How do you take pics like that? Must be a very expensive camera. Amazing. May I repost these pictures elsewhere?


----------



## Xman (Oct 31, 2004)

you can see the reflection from the engine bay heat off the pavement in the first picture. Do you have a thermal scale that goes with the shades of gray to indicate temperature? How about some false color software to color code the temperatures, e.g., white hotests, followed by red, ... blue the coolest?


----------



## GrayGoat (Mar 5, 2005)

2005Goat said:


> How do you take pics like that? Must be a very expensive camera. Amazing. May I repost these pictures elsewhere?

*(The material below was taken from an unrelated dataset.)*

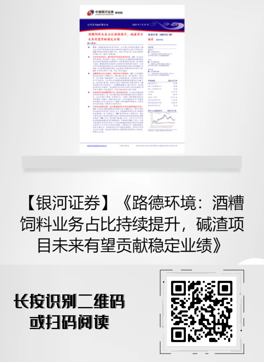 【點(diǎn)評報告】銀河證券點(diǎn)評路德環(huán)境:酒糟飼料業(yè)務(wù)占比持續(xù)提升,堿渣項目未來有望貢獻(xiàn)穩(wěn)定業(yè)績

Yes, you can repost - No worries. The Imager used is from Thales Nederlands and I think they run around $250K. The US Navy ownes this one. 




Xman said:


> you can see the reflection from the engine bay heat off the pavement in the first picture. Do you have a thermal scale that goes with the shades of gray to indicate temperature? How about some false color software to color code the temperatures, e.g., white hotests, followed by red, ... blue the coolest?


No thermal scales on this system, sorry....Our main goal with this system is to engage any hostile target with the smallest amount of heat signature. 

And for those out there wondering, These images did not cost the tax payer any _extra_ money. 
Phalanx Block 1B


----------



## gameover (May 13, 2005)

And for those out there wondering, These images did not cost the tax payer any _extra_ money. 
Phalanx Block 1B[/QUOTE]
Thank God! I was getting worried! J/K. Those are some cool a$$ pics. Thanks! Look forward to more. :cheers


----------



## Xman (Oct 31, 2004)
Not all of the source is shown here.